7 December 2020

Fixed Income Asset Allocation Insights: With or Without Fiscal Help, Recovery Should Carry On

Author:
Robert Vanden Assem, CFA

Robert Vanden Assem, CFA

Head of Developed Markets Investment Grade Fixed Income

Fixed Income Asset Allocation Insights: With or Without Fiscal Help, Recovery Should Carry On

Credit markets rallied sharply in November, led by demand for higher-risk asset classes on news of vaccine developments and clarity around the results of the US presidential election. The boost in investor optimism comes despite the current surge in Covid-19 infections in the US and Europe and uncertainty about the magnitude and timing of additional fiscal stimulus.

Although the prospect of fiscal relief remains unclear, central banks continue to provide support and have indicated that their accommodative measures will remain in place for the foreseeable future, keeping rates lower for longer. On top of the policies currently in place, the European Central Bank (ECB) announced it will implement additional measures in December. As has been the case in the past, we see the potential for such accommodation to more than offset the impact of a smaller fiscal package and slower economic growth.
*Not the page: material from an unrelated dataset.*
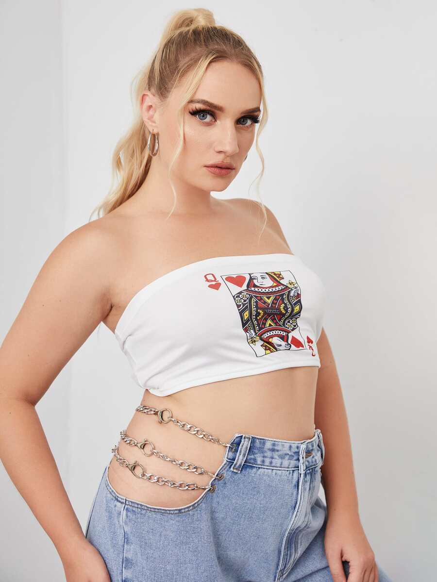 Plus Playing Card Print Crop Tube Top

Against this backdrop, our fixed income allocations remain unchanged and we maintain a buy-on-dips approach within our individual asset class portfolios. We also continue to monitor a further shift toward lower-rated asset classes as rates trading lower should have a smaller impact moving forward.

US Macro View

Markus Schomer, CFA, Chief Economist

Becoming less bearish in favor of the central case After raising our central case scenario probability by five percentage points to 70% in October, becoming slightly less bearish, we note that strong November purchasing managers’ indices (PMIs) suggest the recovery is holding up better than expected in the fourth quarter. Nevertheless, we maintain a significant bearish tilt on concerns that the current Covid surge could still force re-closings and given the risk of a fiscal cliff in December. Our central case still calls for GDP growth in a range around its 2% long-term potential rate and headline and core inflation trending around the 2% Federal Reserve target. We see a gradual transition away from policy-driven economic growth to growth spurred by domestic, private demand supported by low interest rates. We also see labor markets recovering from the Covid recession and wage growth in line with productivity growth. Fed policy rates should be at or below the r-star neutral rate, with the equilibrium real funds rate at 0% to 0.25%. Looking ahead, the risks of a meaningful slowdown in the first quarter of 2021 are rising unless Congress extends unemployment programs and provides state bailouts.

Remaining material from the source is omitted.